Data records
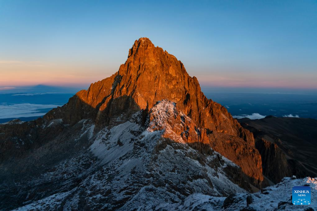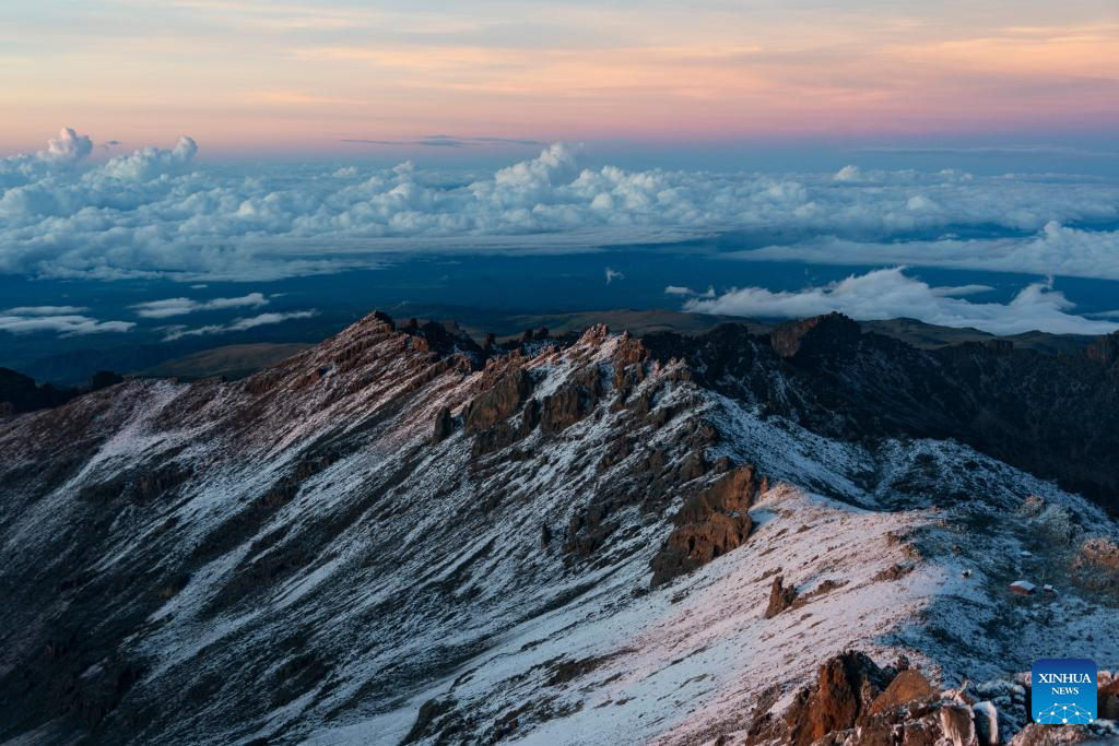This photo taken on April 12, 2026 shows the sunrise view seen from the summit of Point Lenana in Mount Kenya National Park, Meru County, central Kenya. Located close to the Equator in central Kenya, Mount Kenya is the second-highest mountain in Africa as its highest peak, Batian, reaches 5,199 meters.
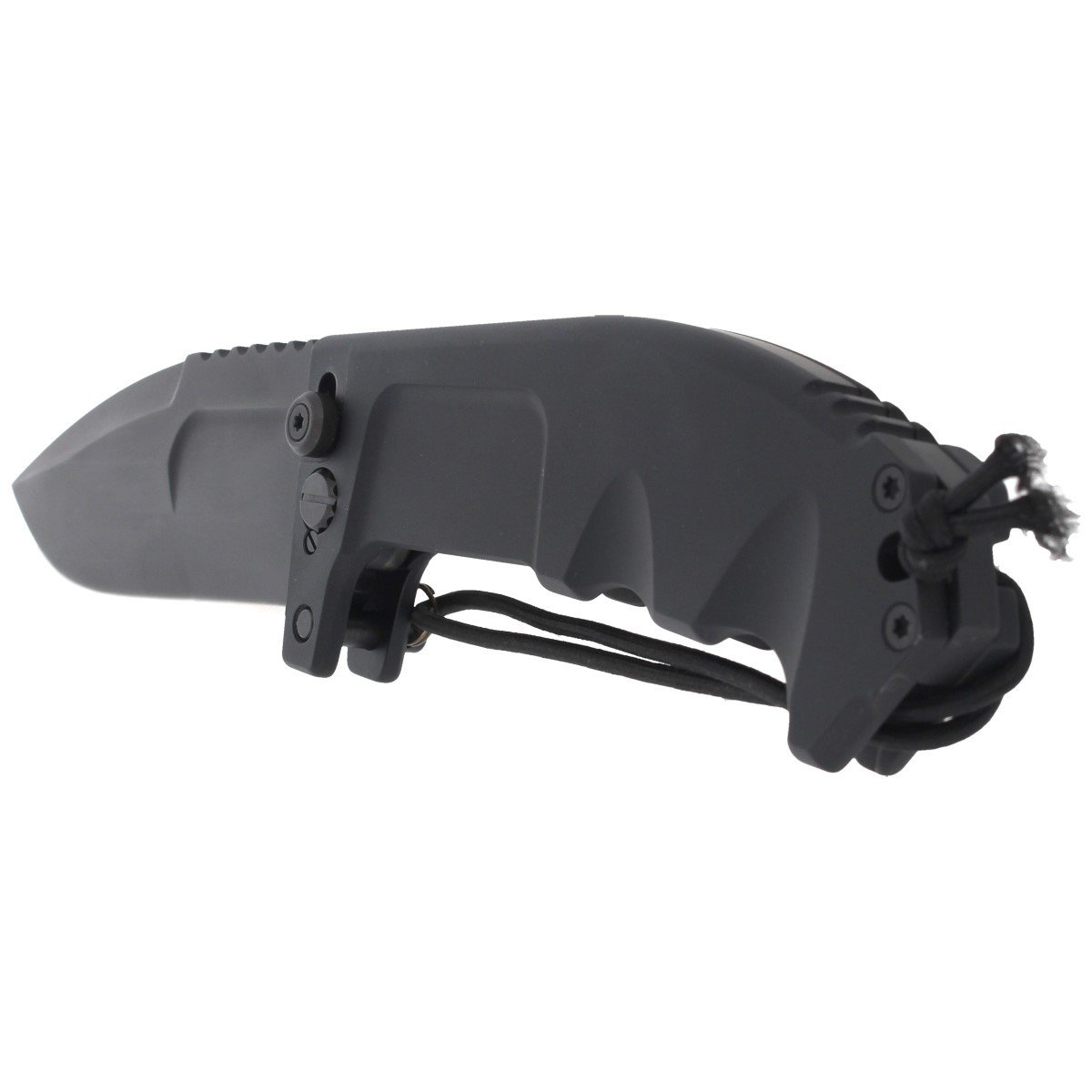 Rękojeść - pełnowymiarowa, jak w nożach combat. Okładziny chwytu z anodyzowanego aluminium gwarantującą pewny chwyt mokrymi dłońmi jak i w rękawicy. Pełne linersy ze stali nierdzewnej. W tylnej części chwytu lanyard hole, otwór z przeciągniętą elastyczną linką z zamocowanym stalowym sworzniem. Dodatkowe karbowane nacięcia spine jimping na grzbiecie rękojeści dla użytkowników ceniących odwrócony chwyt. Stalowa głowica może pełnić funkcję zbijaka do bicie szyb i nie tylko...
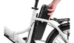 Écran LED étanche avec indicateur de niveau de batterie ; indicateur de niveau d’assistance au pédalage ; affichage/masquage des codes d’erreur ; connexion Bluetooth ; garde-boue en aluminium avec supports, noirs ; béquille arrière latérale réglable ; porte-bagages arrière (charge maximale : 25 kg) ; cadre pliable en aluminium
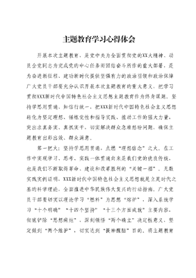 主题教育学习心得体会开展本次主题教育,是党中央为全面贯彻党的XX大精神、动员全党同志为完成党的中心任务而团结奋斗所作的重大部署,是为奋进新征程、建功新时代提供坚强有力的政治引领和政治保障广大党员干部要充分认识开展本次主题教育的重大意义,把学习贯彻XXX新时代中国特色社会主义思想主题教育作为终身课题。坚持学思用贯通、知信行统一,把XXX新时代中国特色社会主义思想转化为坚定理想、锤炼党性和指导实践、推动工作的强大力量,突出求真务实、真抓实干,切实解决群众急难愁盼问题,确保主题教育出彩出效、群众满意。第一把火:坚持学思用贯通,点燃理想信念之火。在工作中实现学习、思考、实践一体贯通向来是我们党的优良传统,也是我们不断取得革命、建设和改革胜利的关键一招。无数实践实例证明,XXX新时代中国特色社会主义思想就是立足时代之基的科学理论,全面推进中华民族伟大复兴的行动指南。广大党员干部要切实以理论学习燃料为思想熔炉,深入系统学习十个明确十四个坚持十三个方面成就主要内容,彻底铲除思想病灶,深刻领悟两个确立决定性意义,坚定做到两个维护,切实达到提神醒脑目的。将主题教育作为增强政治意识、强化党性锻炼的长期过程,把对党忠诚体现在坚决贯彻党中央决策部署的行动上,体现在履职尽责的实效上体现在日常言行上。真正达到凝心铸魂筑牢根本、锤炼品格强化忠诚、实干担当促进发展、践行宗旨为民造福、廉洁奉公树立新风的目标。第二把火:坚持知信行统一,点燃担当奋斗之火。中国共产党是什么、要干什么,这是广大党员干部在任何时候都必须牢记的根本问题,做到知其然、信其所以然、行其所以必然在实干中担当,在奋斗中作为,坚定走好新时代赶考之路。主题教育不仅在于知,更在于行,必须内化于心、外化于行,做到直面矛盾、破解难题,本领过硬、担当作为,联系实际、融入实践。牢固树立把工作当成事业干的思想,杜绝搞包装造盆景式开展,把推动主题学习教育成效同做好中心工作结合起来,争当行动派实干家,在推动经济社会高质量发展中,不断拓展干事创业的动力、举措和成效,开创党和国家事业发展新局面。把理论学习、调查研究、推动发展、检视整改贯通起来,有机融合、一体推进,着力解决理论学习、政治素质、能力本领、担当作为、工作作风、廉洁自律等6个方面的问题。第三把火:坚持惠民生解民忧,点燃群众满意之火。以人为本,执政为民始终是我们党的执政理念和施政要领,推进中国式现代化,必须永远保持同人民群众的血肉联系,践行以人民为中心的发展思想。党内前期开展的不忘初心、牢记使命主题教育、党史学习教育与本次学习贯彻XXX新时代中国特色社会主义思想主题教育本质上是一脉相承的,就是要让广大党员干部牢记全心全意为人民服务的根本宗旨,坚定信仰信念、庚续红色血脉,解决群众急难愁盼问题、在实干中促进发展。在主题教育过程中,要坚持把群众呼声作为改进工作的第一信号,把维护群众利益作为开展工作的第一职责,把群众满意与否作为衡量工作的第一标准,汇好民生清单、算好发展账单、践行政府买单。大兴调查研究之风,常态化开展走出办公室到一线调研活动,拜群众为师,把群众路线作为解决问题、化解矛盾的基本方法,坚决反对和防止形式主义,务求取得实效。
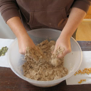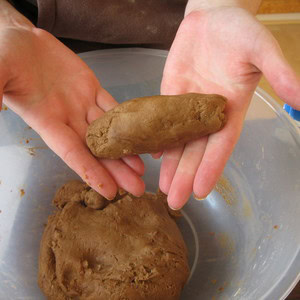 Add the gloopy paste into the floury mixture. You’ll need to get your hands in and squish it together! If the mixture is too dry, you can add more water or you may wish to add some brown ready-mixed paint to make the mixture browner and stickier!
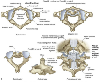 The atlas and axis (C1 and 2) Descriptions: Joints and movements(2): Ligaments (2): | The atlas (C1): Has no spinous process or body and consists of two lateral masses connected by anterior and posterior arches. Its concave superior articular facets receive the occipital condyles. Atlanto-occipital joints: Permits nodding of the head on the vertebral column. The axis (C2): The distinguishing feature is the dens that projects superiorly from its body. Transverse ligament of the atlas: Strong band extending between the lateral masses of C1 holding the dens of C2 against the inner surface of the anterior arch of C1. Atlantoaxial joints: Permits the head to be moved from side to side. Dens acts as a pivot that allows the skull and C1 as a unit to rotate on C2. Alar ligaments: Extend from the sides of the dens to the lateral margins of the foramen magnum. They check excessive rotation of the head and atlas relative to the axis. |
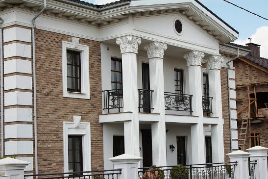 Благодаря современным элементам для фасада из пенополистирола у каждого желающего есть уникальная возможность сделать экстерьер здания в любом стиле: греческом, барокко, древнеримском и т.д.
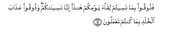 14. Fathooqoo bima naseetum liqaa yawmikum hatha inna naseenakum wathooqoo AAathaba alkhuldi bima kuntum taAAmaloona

* [What to do] Copy out all the data above exactly, minus the images.

* [Written answer]
This photo taken on April 12, 2026 shows the sunrise view seen from the summit of Point Lenana in Mount Kenya National Park, Meru County, central Kenya. Located close to the Equator in central Kenya, Mount Kenya is the second-highest mountain in Africa as its highest peak, Batian, reaches 5,199 meters.
 Rękojeść - pełnowymiarowa, jak w nożach combat. Okładziny chwytu z anodyzowanego aluminium gwarantującą pewny chwyt mokrymi dłońmi jak i w rękawicy. Pełne linersy ze stali nierdzewnej. W tylnej części chwytu lanyard hole, otwór z przeciągniętą elastyczną linką z zamocowanym stalowym sworzniem. Dodatkowe karbowane nacięcia spine jimping na grzbiecie rękojeści dla użytkowników ceniących odwrócony chwyt. Stalowa głowica może pełnić funkcję zbijaka do bicie szyb i nie tylko...
 Écran LED étanche avec indicateur de niveau de batterie ; indicateur de niveau d’assistance au pédalage ; affichage/masquage des codes d’erreur ; connexion Bluetooth ; garde-boue en aluminium avec supports, noirs ; béquille arrière latérale réglable ; porte-bagages arrière (charge maximale : 25 kg) ; cadre pliable en aluminium
 主题教育学习心得体会开展本次主题教育,是党中央为全面贯彻党的XX大精神、动员全党同志为完成党的中心任务而团结奋斗所作的重大部署,是为奋进新征程、建功新时代提供坚强有力的政治引领和政治保障广大党员干部要充分认识开展本次主题教育的重大意义,把学习贯彻XXX新时代中国特色社会主义思想主题教育作为终身课题。坚持学思用贯通、知信行统一,把XXX新时代中国特色社会主义思想转化为坚定理想、锤炼党性和指导实践、推动工作的强大力量,突出求真务实、真抓实干,切实解决群众急难愁盼问题,确保主题教育出彩出效、群众满意。第一把火:坚持学思用贯通,点燃理想信念之火。在工作中实现学习、思考、实践一体贯通向来是我们党的优良传统,也是我们不断取得革命、建设和改革胜利的关键一招。无数实践实例证明,XXX新时代中国特色社会主义思想就是立足时代之基的科学理论,全面推进中华民族伟大复兴的行动指南。广大党员干部要切实以理论学习燃料为思想熔炉,深入系统学习十个明确十四个坚持十三个方面成就主要内容,彻底铲除思想病灶,深刻领悟两个确立决定性意义,坚定做到两个维护,切实达到提神醒脑目的。将主题教育作为增强政治意识、强化党性锻炼的长期过程,把对党忠诚体现在坚决贯彻党中央决策部署的行动上,体现在履职尽责的实效上体现在日常言行上。真正达到凝心铸魂筑牢根本、锤炼品格强化忠诚、实干担当促进发展、践行宗旨为民造福、廉洁奉公树立新风的目标。第二把火:坚持知信行统一,点燃担当奋斗之火。中国共产党是什么、要干什么,这是广大党员干部在任何时候都必须牢记的根本问题,做到知其然、信其所以然、行其所以必然在实干中担当,在奋斗中作为,坚定走好新时代赶考之路。主题教育不仅在于知,更在于行,必须内化于心、外化于行,做到直面矛盾、破解难题,本领过硬、担当作为,联系实际、融入实践。牢固树立把工作当成事业干的思想,杜绝搞包装造盆景式开展,把推动主题学习教育成效同做好中心工作结合起来,争当行动派实干家,在推动经济社会高质量发展中,不断拓展干事创业的动力、举措和成效,开创党和国家事业发展新局面。把理论学习、调查研究、推动发展、检视整改贯通起来,有机融合、一体推进,着力解决理论学习、政治素质、能力本领、担当作为、工作作风、廉洁自律等6个方面的问题。第三把火:坚持惠民生解民忧,点燃群众满意之火。以人为本,执政为民始终是我们党的执政理念和施政要领,推进中国式现代化,必须永远保持同人民群众的血肉联系,践行以人民为中心的发展思想。党内前期开展的不忘初心、牢记使命主题教育、党史学习教育与本次学习贯彻XXX新时代中国特色社会主义思想主题教育本质上是一脉相承的,就是要让广大党员干部牢记全心全意为人民服务的根本宗旨,坚定信仰信念、庚续红色血脉,解决群众急难愁盼问题、在实干中促进发展。在主题教育过程中,要坚持把群众呼声作为改进工作的第一信号,把维护群众利益作为开展工作的第一职责,把群众满意与否作为衡量工作的第一标准,汇好民生清单、算好发展账单、践行政府买单。大兴调查研究之风,常态化开展走出办公室到一线调研活动,拜群众为师,把群众路线作为解决问题、化解矛盾的基本方法,坚决反对和防止形式主义,务求取得实效。
 Add the gloopy paste into the floury mixture. You’ll need to get your hands in and squish it together! If the mixture is too dry, you can add more water or you may wish to add some brown ready-mixed paint to make the mixture browner and stickier!
 The atlas and axis (C1 and 2) Descriptions: Joints and movements(2): Ligaments (2): | The atlas (C1): Has no spinous process or body and consists of two lateral masses connected by anterior and posterior arches. Its concave superior articular facets receive the occipital condyles. Atlanto-occipital joints: Permits nodding of the head on the vertebral column. The axis (C2): The distinguishing feature is the dens that projects superiorly from its body. Transverse ligament of the atlas: Strong band extending between the lateral masses of C1 holding the dens of C2 against the inner surface of the anterior arch of C1. Atlantoaxial joints: Permits the head to be moved from side to side. Dens acts as a pivot that allows the skull and C1 as a unit to rotate on C2. Alar ligaments: Extend from the sides of the dens to the lateral margins of the foramen magnum. They check excessive rotation of the head and atlas relative to the axis. |
 Благодаря современным элементам для фасада из пенополистирола у каждого желающего есть уникальная возможность сделать экстерьер здания в любом стиле: греческом, барокко, древнеримском и т.д.
 14. Fathooqoo bima naseetum liqaa yawmikum hatha inna naseenakum wathooqoo AAathaba alkhuldi bima kuntum taAAmaloona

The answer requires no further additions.